## Work request
Would you output all the lines below precisely as they stand, leaving each picture out?

## Recorded information
────────────────────────────────────────

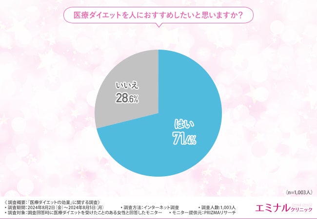 最後に、「医療ダイエットを人におすすめしたいと思いますか?」と質問したところ、7割以上の方が『はい(71.4%)』と回答しました。
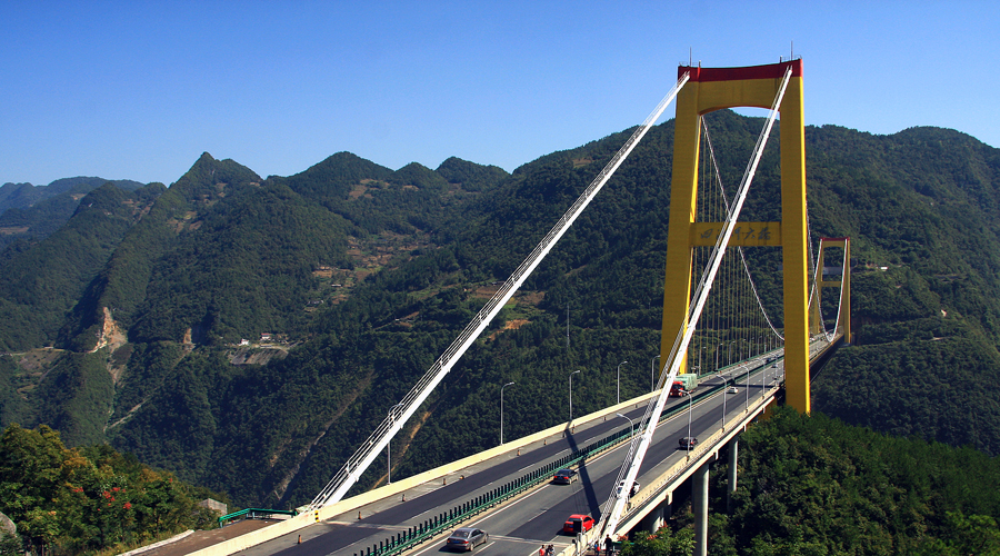 四渡河大橋,地處湖北宜昌與恩施交界處,被譽(yù)為“天路中的天橋”,是目前國內(nèi)在深山峽谷里修建的全橋最長懸索橋,同時也是世界首座跨度達(dá)900米以上的山區(qū)特大懸索橋。▼
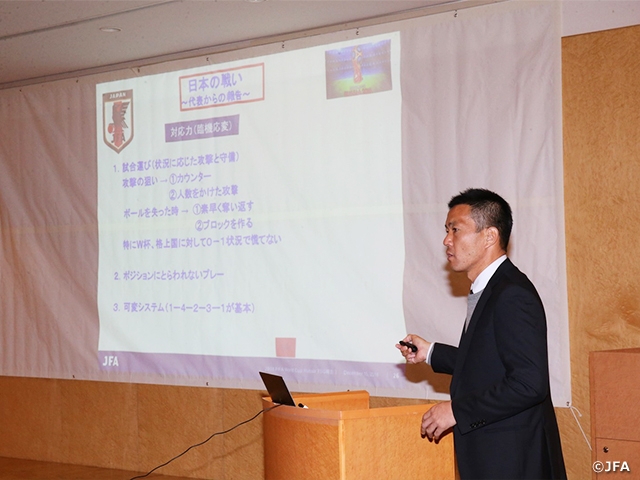 研修会は2部構成で行われ、試合前の1部講義では、アンダーカテゴリーの世界大会の分析からこの年代での世界のトップレベルのプレーを映像で共有し、日本の選手たちが身につけるべき攻守の課題の確認を行いました。また、今年開催されたFIFAワールドカップロシアを題材に世界トップのトレンドについても説明がなされました。試合終了後には2部講義として、当日の審判団、そして太田潔JFA審判インストラクターを招き、「技術と審判の協調」をテーマに受講者とディスカッションを行いました。直前に行われた試合のなかで起こった事象について、映像を交えながら、スタンドからの意見、もし当該チームの指導者だったらどう考えるかなどを受講者が発言し、それを受けて、審判団からの意見を聞くというスタイルで活発な意見交換がなされました。1部、2部とそれぞれ同じカテゴリーを対象としながらも、異なった視点での講義となり、非常に有意義な研修会となりました。
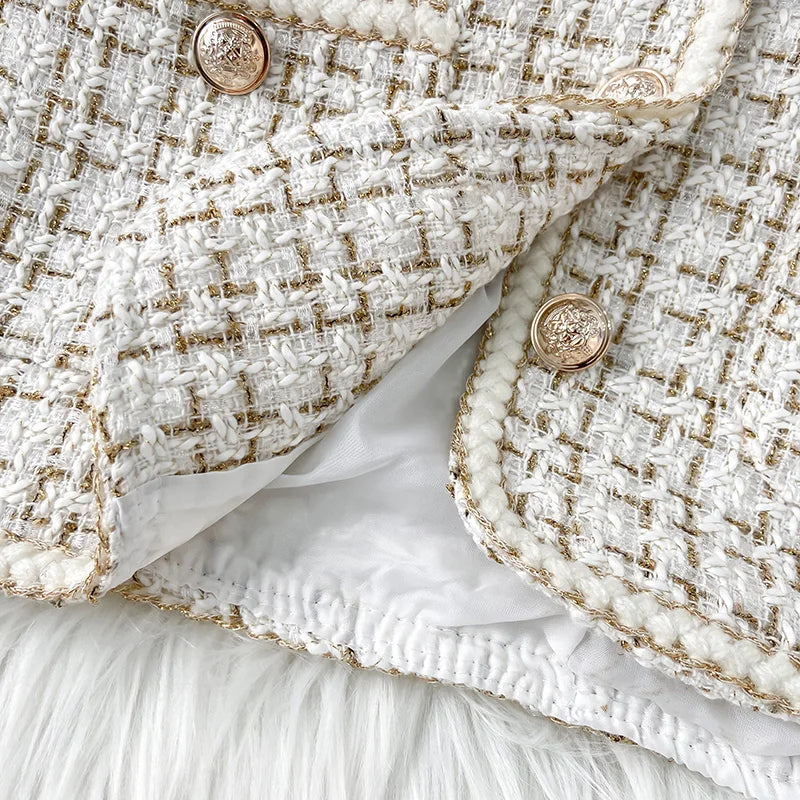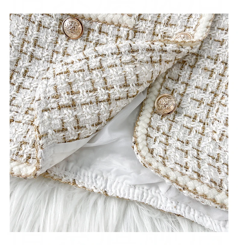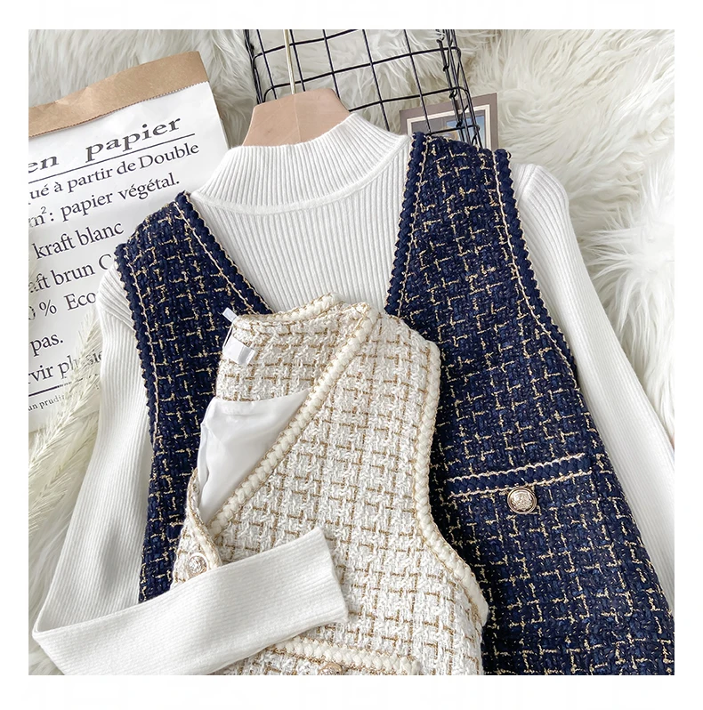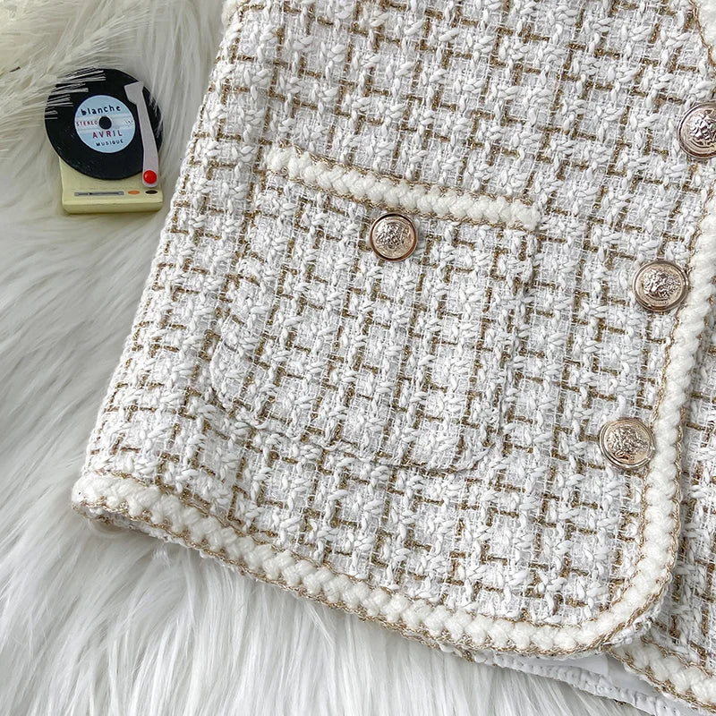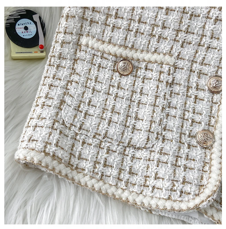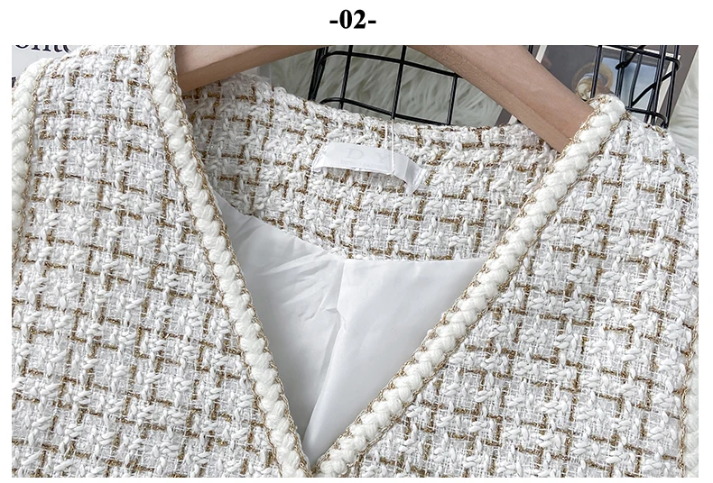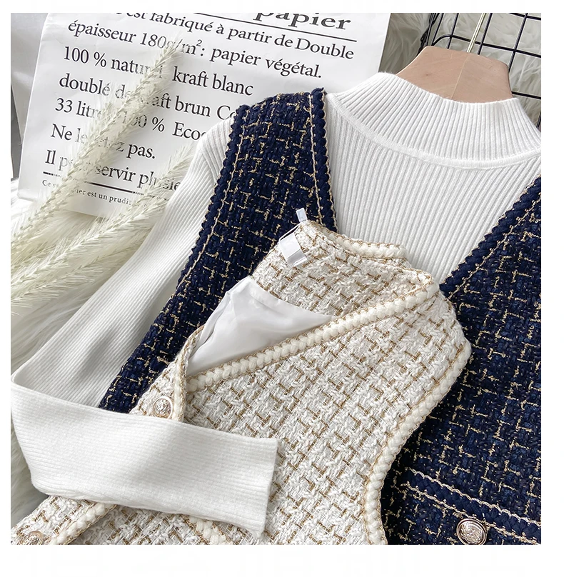 Yipinpay Women New Autumn Tweed Elegant Vintag Vest V-neck Sleeveless Slim Pockets Waistcoat Ladies Fashion Womens Short Small Vest

────────────────────────────────────────

## Solution to this exercise
 最後に、「医療ダイエットを人におすすめしたいと思いますか?」と質問したところ、7割以上の方が『はい(71.4%)』と回答しました。
 四渡河大橋,地處湖北宜昌與恩施交界處,被譽(yù)為“天路中的天橋”,是目前國內(nèi)在深山峽谷里修建的全橋最長懸索橋,同時也是世界首座跨度達(dá)900米以上的山區(qū)特大懸索橋。▼
 研修会は2部構成で行われ、試合前の1部講義では、アンダーカテゴリーの世界大会の分析からこの年代での世界のトップレベルのプレーを映像で共有し、日本の選手たちが身につけるべき攻守の課題の確認を行いました。また、今年開催されたFIFAワールドカップロシアを題材に世界トップのトレンドについても説明がなされました。試合終了後には2部講義として、当日の審判団、そして太田潔JFA審判インストラクターを招き、「技術と審判の協調」をテーマに受講者とディスカッションを行いました。直前に行われた試合のなかで起こった事象について、映像を交えながら、スタンドからの意見、もし当該チームの指導者だったらどう考えるかなどを受講者が発言し、それを受けて、審判団からの意見を聞くというスタイルで活発な意見交換がなされました。1部、2部とそれぞれ同じカテゴリーを対象としながらも、異なった視点での講義となり、非常に有意義な研修会となりました。
 Yipinpay Women New Autumn Tweed Elegant Vintag Vest V-neck Sleeveless Slim Pockets Waistcoat Ladies Fashion Womens Short Small Vest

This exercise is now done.